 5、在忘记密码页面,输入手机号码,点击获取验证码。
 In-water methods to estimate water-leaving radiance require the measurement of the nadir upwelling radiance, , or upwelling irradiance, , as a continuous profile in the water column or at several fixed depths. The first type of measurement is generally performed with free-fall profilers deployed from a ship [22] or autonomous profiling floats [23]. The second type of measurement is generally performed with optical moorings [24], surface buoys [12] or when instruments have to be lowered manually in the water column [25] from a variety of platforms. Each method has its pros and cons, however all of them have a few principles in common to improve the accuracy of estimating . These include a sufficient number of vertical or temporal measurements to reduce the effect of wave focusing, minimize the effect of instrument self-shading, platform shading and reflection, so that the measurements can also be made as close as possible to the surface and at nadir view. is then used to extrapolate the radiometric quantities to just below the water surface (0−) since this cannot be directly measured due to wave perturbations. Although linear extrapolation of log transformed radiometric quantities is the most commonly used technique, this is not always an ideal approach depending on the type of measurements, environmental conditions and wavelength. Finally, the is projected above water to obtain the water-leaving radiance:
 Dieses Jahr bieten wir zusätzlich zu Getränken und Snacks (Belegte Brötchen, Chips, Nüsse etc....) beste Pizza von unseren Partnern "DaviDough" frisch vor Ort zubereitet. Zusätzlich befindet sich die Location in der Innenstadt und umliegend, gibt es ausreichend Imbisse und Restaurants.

□ □ □ □

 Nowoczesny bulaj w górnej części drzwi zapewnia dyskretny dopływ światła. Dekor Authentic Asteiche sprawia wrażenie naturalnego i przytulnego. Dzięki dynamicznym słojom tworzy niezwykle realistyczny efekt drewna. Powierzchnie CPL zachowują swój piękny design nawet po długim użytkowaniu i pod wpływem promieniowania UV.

□ □ □ □

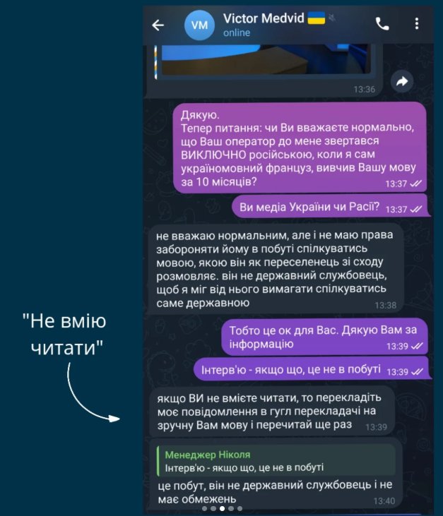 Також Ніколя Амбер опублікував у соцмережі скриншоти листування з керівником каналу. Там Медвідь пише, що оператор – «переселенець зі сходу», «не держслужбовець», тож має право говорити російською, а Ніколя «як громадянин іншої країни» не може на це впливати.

□ □ □ □

= WHAT THIS TASK INVOLVES =
Beginning with the line above that contains "5、在忘记密码页面,输入手机号码,点击获取验证码。", copy each line exactly up to and including the line that contains "In-water methods to", and go no further.

= RESPONSE TO THIS TASK =
 5、在忘记密码页面,输入手机号码,点击获取验证码。
 In-water methods to estimate water-leaving radiance require the measurement of the nadir upwelling radiance, , or upwelling irradiance, , as a continuous profile in the water column or at several fixed depths. The first type of measurement is generally performed with free-fall profilers deployed from a ship [22] or autonomous profiling floats [23]. The second type of measurement is generally performed with optical moorings [24], surface buoys [12] or when instruments have to be lowered manually in the water column [25] from a variety of platforms. Each method has its pros and cons, however all of them have a few principles in common to improve the accuracy of estimating . These include a sufficient number of vertical or temporal measurements to reduce the effect of wave focusing, minimize the effect of instrument self-shading, platform shading and reflection, so that the measurements can also be made as close as possible to the surface and at nadir view. is then used to extrapolate the radiometric quantities to just below the water surface (0−) since this cannot be directly measured due to wave perturbations. Although linear extrapolation of log transformed radiometric quantities is the most commonly used technique, this is not always an ideal approach depending on the type of measurements, environmental conditions and wavelength. Finally, the is projected above water to obtain the water-leaving radiance:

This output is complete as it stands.